What you're after is an upgrade to amaze you, not one that gives rise to doubts about its worth a month down the line. We're after the 'Wow!' effect, in other words. A better investment for the future would be to move up even further, spending £350 or more on a really good player.

Not only will this work well in your current system, assuming it's well-balanced, but it'll also be a good foundation for the next upgrade step, when funds allow. True, you might not be getting the very best out of that new player in your current system, but it'll be enough an improvement to let you hear things you never heard before on familiar discs, and of course it has all that built-in potential just waiting for the future to unlock it.

That's why it's important not only to listen to upgrades in something resembling your current system, but also to try them with whatever you're considering as your next step. True, this will involve an extended listening session before you buy, but any dealer who doesn't view the time spent letting you do this as an investment for the future is being short-sighted. After all, once you've heard what your new CD player can do with an even better amp, chances are you'll be counting the days until you can afford the next step!
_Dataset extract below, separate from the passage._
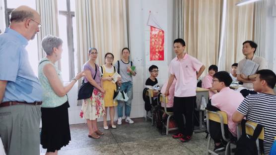 交流会后,葛校长带领大家参观了图书馆,展示了岳阳中学深厚的人文底蕴。在前往教学区域途中,观摩团成员领略了岳阳中学美丽的校园风光。随后,葛校长带领大家分别观摩了两个班级的课堂教学。在此过程中,岳阳中学的师生积极地与观摩团成员交流,美国教授们还跟同学们分享了学好英语的方法,整个观摩过程氛围融洽。

On the subject of matching equipment together, a swift word on the way different items interact. For all the brochure blurbs about greater purity and so on, the fact is that a piece of kit that has a perfectly flat frequency response from the lowest bass to the highest treble isn't the ideal. And a system comprising similarly flat source, amp and speakers would sound very clinical indeed.

As a result just about every hi-fi component that hits the market has something of its designer's personal taste involved. Densen, for example, refers to the 'air guitar factor', while Marantz's Ken Ishiwata writes (on the certificates accompanying the KI-Signature products) about the ability to raise the hairs on the back of the neck being more important than technical perfection. The secret of good system-matching is to combine the characters of the various components of a system to get the balance you want.

Use a warm-sounding amp with a source and speakers of similar balance and the result will be wonderfully lush right up until you nod off to tracks on your favourite disc. Partner a trio of components with a bright, treble-happy balance and the sound will amaze you with its impact and thrilling detail, but might soon have you turning the volume down a bit as it begins to grate on your nerves.

What we are trying to do in all of these sections is just to make some suggestions as to what goes well with what. But we're talking our personal tastes here, too - the beauty of the diversity of equipment on the market right now means almost anyone should be able to blend a system to give precisely the sound they want.

And if a friend or hi-fi dealer thinks it sounds dreadful, don't let them talk you out of it - it's your system, and if it's right for you it's the best set-up you can buy.